Calon Pengganti Pertalite, Hal ini Kendala Penerapan Bioetanol dalam Indonesia

JAKARTA – Pertamina New & Renewable Energy (NRE) mengidentifikasi tantangan di penerapan juga penyaluran bioetanol di area Indonesia, alias unsur bakar nabati (BBN) yang digunakan berpotensi untuk digunakan sebagai pengganti Pertalite.
Direktur Perencanaan Krusial kemudian Penguraian Bisnis dalam Pertamina New & Renewable Energy (NRE) Fadli Rahman mengungkapkan produksi material bakar bioetanol masih menjadi tantangan lantaran materi baku pembuatan materi bakar nol isi sulfur yang dimaksud masih harus impor.
“Bioetnol bisa jadi menghurangi impor BBM, emisi, tapi yang harus kita lihat bahwa bioetanol berasal dari jagung, gula, yang semuanya impor. Jadi kurang semua bahan-bahannya serta akhirnya berperang identik ketahanan pangan,” ujar Fadli pada waktu berkunjung ke iNews Industri Media Group, di dalam iNews Tower, Jakarta, Rabu (18/9/2024).
Baca Juga: Penjualan Kredit Karbon Pertamina NRE Naik Capai 565.000 Ton CO2e
Selain oleh sebab itu kurangnya ketersediaan material baku, produksi bioetanol pada Indonesia sulit dilaksanakan dikarenakan belum adanya lapangan usaha yang dimaksud masif. Selain itu, butuh waktu yang cukup lama untuk mampu meramu bioetanol secara sempurna.

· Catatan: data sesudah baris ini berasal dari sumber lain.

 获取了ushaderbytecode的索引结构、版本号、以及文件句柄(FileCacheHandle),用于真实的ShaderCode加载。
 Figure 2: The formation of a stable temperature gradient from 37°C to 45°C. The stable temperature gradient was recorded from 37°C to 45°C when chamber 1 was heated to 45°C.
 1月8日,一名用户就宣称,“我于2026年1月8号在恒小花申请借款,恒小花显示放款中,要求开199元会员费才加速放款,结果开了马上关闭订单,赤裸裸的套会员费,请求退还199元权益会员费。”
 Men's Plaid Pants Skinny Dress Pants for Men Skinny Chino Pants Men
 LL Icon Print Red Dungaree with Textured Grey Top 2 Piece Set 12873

“Itu butuh waktu dapat 20 tahun. Jadi memang sebenarnya perolehan itu penting untuk melakukan konfirmasi adanya supplier,” ujarnya.

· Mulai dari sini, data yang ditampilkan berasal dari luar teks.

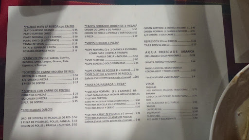 Restaurante tradicional tiene buen sabor y una cantidad espeluznante el plato de pozole grande especial, para dos personas que no sean de apetito boraz, se complementa con una jarra de agua de jamaica y para cerrar unas enchiladas dulces, sabrosas con mucha cebolla, queso y rábanos. Años atrás veces íbamos a las cenadurías de la villa, ahora vamos a la rueda en familia, con amigos y te llevas un rato agradable, la atención de los meseros es muy buena, se esmera la mayoría con los clientes. Tengo más de 30 años acudiendo a este restaurante. Se los recomiendo, lo que sea deteriorado es el lugar falta una remodelación, algunos cambios las ruedas de carretilla que decoran el área ya perdieron su brillo y la emoción de verlos. Un cambio de instalación le vendría bien y el área de caja hace falta darle vida, pero lo más importante la comida sopitos dorados, tacos dorados, pozole, enchiladas... Todo muy sabroso. Las...
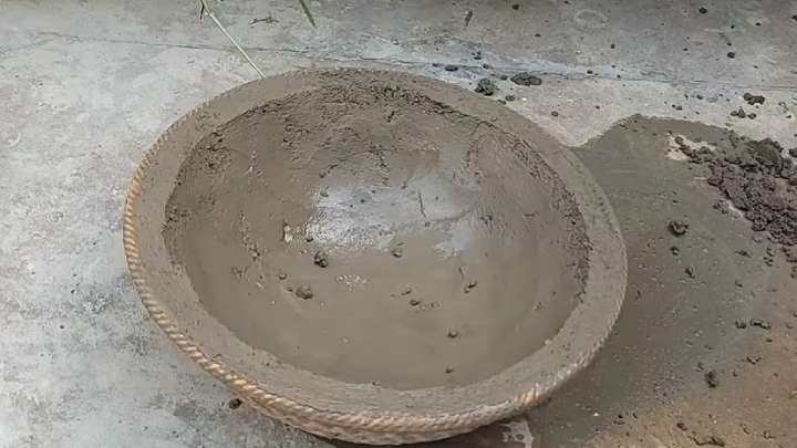 А внутри протрите стенки любым маслом. Разведите цемент водой, чтобы он стал жидким. Налейте в миску, распределите по стенкам.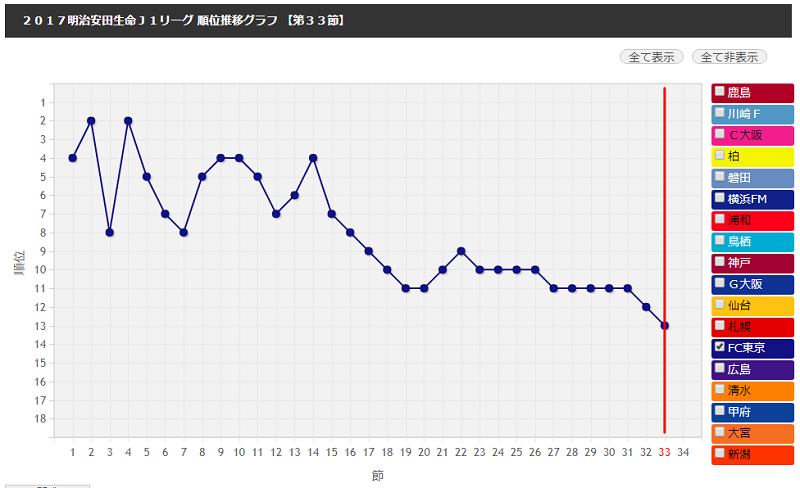 すでに14位につけているサンフレッチェ広島との勝点差が「6」あることから、FC東京が13位より下の順位で終わることはない。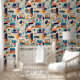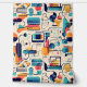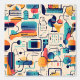 This vibrant abstract artwork combines geometric shapes and technology-inspired icons in a dynamic, retro-futuristic color scheme. The bold use of teal, orange, and navy blue creates a lively composition reminiscent of data systems, modern interfaces, and tech schematics. Perfect for adding an energetic, contemporary touch to any space, this digital design reflects the aesthetics of connectivity and innovation with a playful, artistic twist.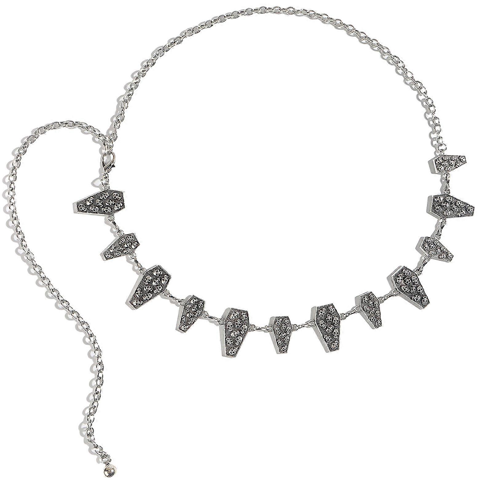 Elegant Skull Plan Silver Metal Waist Chain For Women Modifiable Belt Jewelry Exemplary For Dresses Jeans Concerts Silver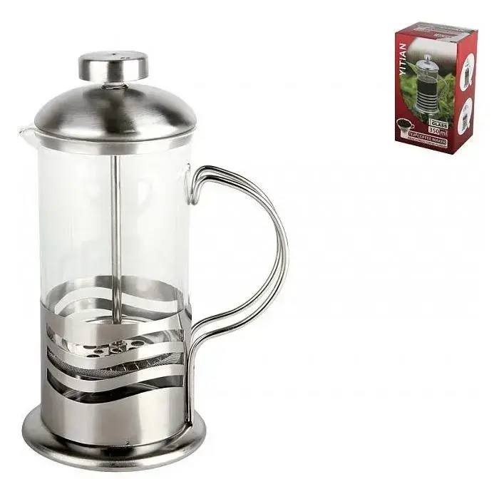 Многослойный фильтр из нержавеющей стали задерживает мельчайшие частицы кофейной гущи. Металлический каркас защищает стеклянную колбу от повреждений, а удобная форма носика предотвращает проливание при наливании.

Sebagaimana diketahui, implementasi bioetanol sebagai campuran BBM sudah dimulai oleh Pertamina melalui komoditas Pertamax Green 95 yang digunakan secara resmi rencananya akan diperkenalkan tahun ini. Langkah yang disebutkan sejalan dengan rencana pemerintah untuk menurunkan Emisi Gas Rumah Kaca (GRK) di tempat sektor transportasi melalui penyediaan BBN.
Baca Juga: Pertamina-Toyota Sinergi Bangun Ekosistem Hidrogen dalam Indonesia, Untuk Apa?
Pemerintah mengupayakan pemanfaatan bioetanol sebagai substansi bakar transportasi dengan harapan langkah ini dapat menurunkan impor BBM nasional, menciptakan lapangan kerja baru, meningkatkan GDP dan juga berkontribusi pada penurunan emisi di jangka panjang.